Mbarek El Filali

Personal information
- Full name: Mbarek El Filali
- Date of birth: 12 May 1955
- Place of birth: El Malah, Algeria
- Date of death: 27 November 2021 (aged 66)
- Place of death: Coulounieix-Chamiers, France
- Position(s): Defender

Senior career*
- Years: Team / Apps / (Gls)
- 0000–: MC Oujda / – / (–)

International career
- 1979–1983: Morocco / – / (–)

Medal record
Representing Morocco
Africa Cup of Nations
| Third place | 1980 Nigeria |  |

= Mbarek El Filali =

Moroccan footballer

Mbarek El Filali (12 May 1955 – 27 November 2021) was a Moroccan footballer who played as a defender for MC Oujda as well as the Moroccan national team.

== Career ==
El Filali won a Botola title with MC Oujda in 1975 as well as 3rd place with the Moroccan national team at the 1980 African Cup of Nations.

El Filali also played with multiple French teams including Périgueux Foot and Trélissac FC.
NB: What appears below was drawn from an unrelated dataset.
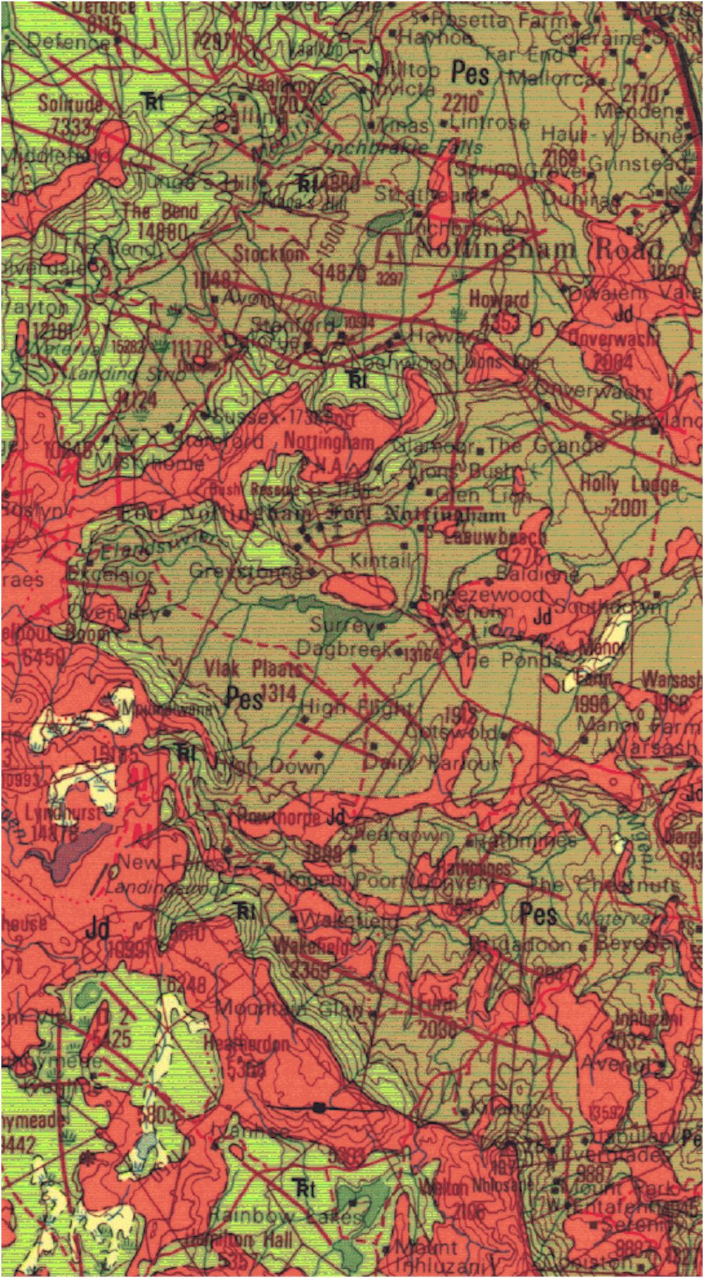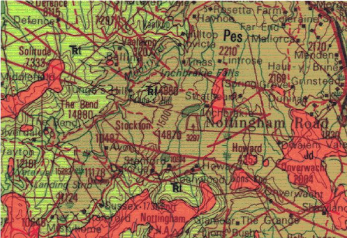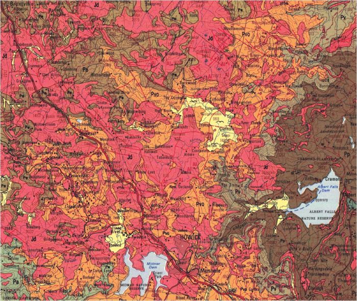 On the maps below, the Ecca Shale groups (Vryheid, Pietermaritzburg, Volksrust and Escourt) are marked Pv, Pp, Pvo and Pes respectively. Shale is shown as the browny colour. The pink colour is dolorite. The Midlands has similar geology to that of the Karoo, and is intruded by dolerite – the dykes are shown as red lines on the map. The presence of Dolorite makes drilling more difficult and less profitable. The Berg area has very little shale and it is intersected by dolerite dykes. Nottingham Road has Escourt shale and swarms of dolerite.
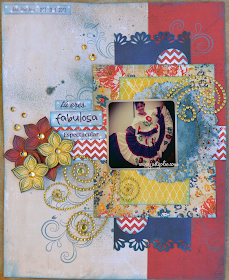 It can be done! I challenged myself to create a layout using only 6x6 paper and I did it. All paper used by Glitz's Yours Truly collection. I covered the horizontal center seam with the chevron border and flowers.I sprayed my background with glimmer mist, forgot I had them. I stamped the swirls using Latina Crafter's newly released stamp.

He was known to the Moroccan public by the nickname "El Filali Sghir" in order to distinguish him from his older brother Mohamed, another footballer who played for Morocco in the 1970 FIFA World Cup.

== Death ==
El Filali died on 27 November 2021 in France, following a long illness. Former players of Trélissac FC and the Moroccan national team met in June 2022 to play in a friendly game in tribute to El Filali.